More than 20 displaced Abbotsford condo residents sue ex-neighbours for ‘catastrophic’ fire

Two years after a catastrophic condominium fire forced more than 160 people from their homes in Abbotsford, B.C., more than 20 displaced residents are suing three former neighbours, claiming prohibited barbecues and smoking in their units sparked the flames.

A case that has been working its way through the British Columbia courts for more than a year suddenly gained steam last week, with the bulk filing of more than a dozen new lawsuits from 19 former renters — seven of whom have yet to be named — and one former owner at the scorched building.

The massive fire at 30515 Cardinal Ave. broke out early in the morning on May 3, destroying the four-storey condo building and forcing all residents and neighbouring businesses to evacuate. Strata insurance paid for it to be rebuilt, and it was habitable again in August 2023, according to a statement from the original builder.

The residents are all separately suing unit 406 owner Pamela Ramrup, unit 306 owner Harjinder Singh Dhaliwal and his yet-to-be-named tenant, who they claim failed to follow or enforce the strata bylaws or ensure other residents would be “reasonably safe” in the building.

“The negligence of [Ramrup, Dhaliwal and the tenant] caused or contributed to the ignition, nature, intensity and extent of the fire, causing loss, damage and injury,” according to the claims.

Prohibited propane tanks or barbecues on the balconies of two units where the defendants allegedly smoked regularly started or accelerated, according to the nearly identical claims.

After igniting early in the morning, the fire “then spread to the majority of the building, resulting in a catastrophic loss and the eviction of all residents,” read the claims, all filed in B.C. Supreme Court on April 30 and May 1.

The legal deluge comes two weeks after a B.C. judge allowed a couple who owned one of the units to amend a lawsuit filed against Dhaliwal and his tenant in October 2022 to also name Ramrup as a defendant. That case, brought by Albert Forson and Hannah Amissah, has not yet been decided.

Fire crews on a lift into a burned apartment building.
Abbotsford fire crews stand on the balconies of an Abbotsford apartment building as they try to contain the three-alarm fire. (Ben Nelms/CBC)

However all the claims say Ramrup, Dhaliwal and the tenant are not the only ones to blame for the fire’s destruction.

The lawsuits allege the fire department was negligent and did not respond fast enough or with adequate resources to extinguish the fire before it made the building unsalvageable. Both the City of Abbotsford and Abbotsford Fire Rescue Service are named as defendants.

It took 51 firefighters, including crews from Langley and Mission, more than four hours to put out the fire and free pets still trapped inside, then Abbotsford Fire Chief Darren Lee told CBC News that day.

The building’s property management company, Quay Pacific, and its contractor, Elite Fire Protection, also failed to inspect the alleged fire hazards or to ensure the fire safety systems were working properly before the fire, according to the claims.
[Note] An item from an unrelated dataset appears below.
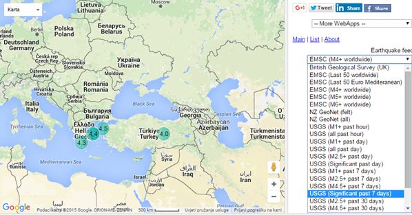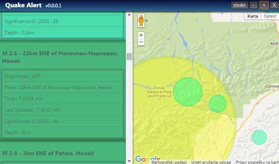 It will open up in a new window. In the left sidebar the earthquake feed is located, while on the right Google Map is displayed that shows you location of the quakes. Audio notification will play as new earthquake updates are coming in. Usual info about reported earthquakes is given, location, time, magnitude, depth and significance.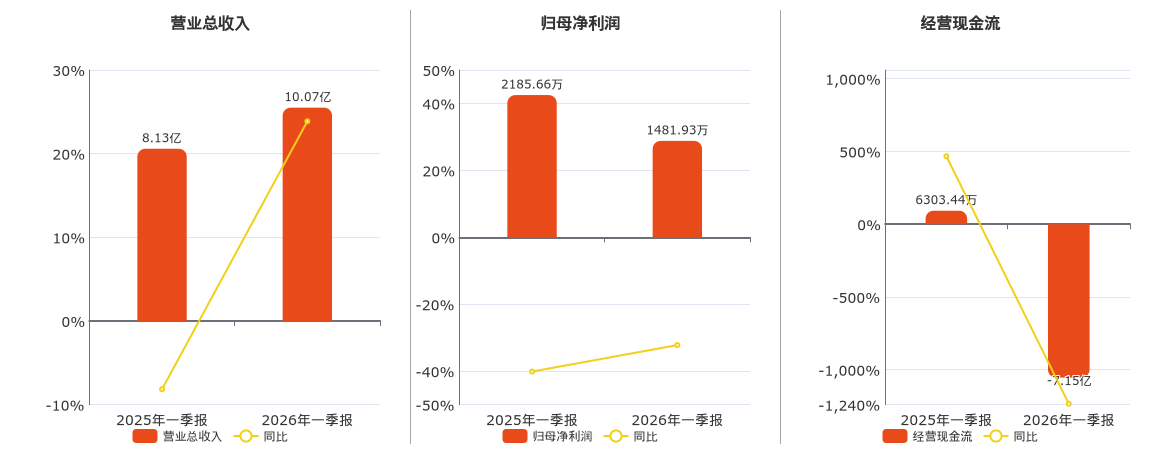 公司营业总收入为10.07亿元,在已披露的同业公司中排名第4,较去年同报告期营业总收入增加1.94亿元,同比较去年同期上涨23.87%。归母净利润为1481.93万元,在已披露的同业公司中排名第5,较去年同报告期归母净利润减少703.72万元,同比较去年同期下降32.20%。经营活动现金净流入为-7.15亿元,在已披露的同业公司中排名第5,较去年同报告期经营活动现金净流入减少7.78亿元,同比较去年同期下降1234.00%。

Additionally, the claims accuse the builder, Quantum Properties, contractor Stantec Consulting, and several other mostly unnamed employees and consultants of failing to ensure the building had adequate fire-warning and suppression systems.

The city, fire department, builder, property management, fire safety and construction companies and consultants have all denied any wrongdoing in relation to the October 2022 claim, according to responses filed in court. 

Fire fighters on a ladder.
Abbotsford fire crews work to contain the fire at the Cardinal Avenue apartment complex on May 3, 2022. (Ben Nelms/CBC)

No comment on new cases

CBC News contacted Ramrup for comment, and received a response from her lawyers stating “our client does not have any comment at this time.” She has not yet filed a response to any of the claims in court.

According to court documents, the plaintiffs in the 2022 claim have been unable to locate or reach Dhaliwal to serve the lawsuit for over a year. Efforts by CBC News to contact him were unsuccessful.

When reached by CBC News on Monday, Stantec and the city, which also spoke on behalf of the fire department, declined to comment on the new lawsuits.

Quantum Properties, via its lawyer Andrew Delmonico, said on Tuesday it had “not been served with notice of any recent claims, but as with any previous claims, we deny any responsibility for a fire alleged to have been caused by an unrelated party many years after this building was completed.”

Lawyers for Quay Pacific and Elite Fire Protection did not respond to CBC News before publication. 

All 22 plaintiffs are represented by the same Vancouver-based firm, Bronson Jones Gray & Company.

CBC News reached out to the plaintiffs via their lawyers, but none were available for interview before publication.

Ian Ashley, representing some of the plaintiffs, called his clients’ matter “devastating” in a Monday email to CBC but said he could not speak without authorization from his clients.

The former tenants and owners are seeking compensation for the value of their lost and damaged property, lost rental income, and in several cases, injuries caused by the fire, including mental anguish, according to the claims. Forson and Amissah’s unit, for example, was valued at $380,000 in July 2023, according to B.C. assessment.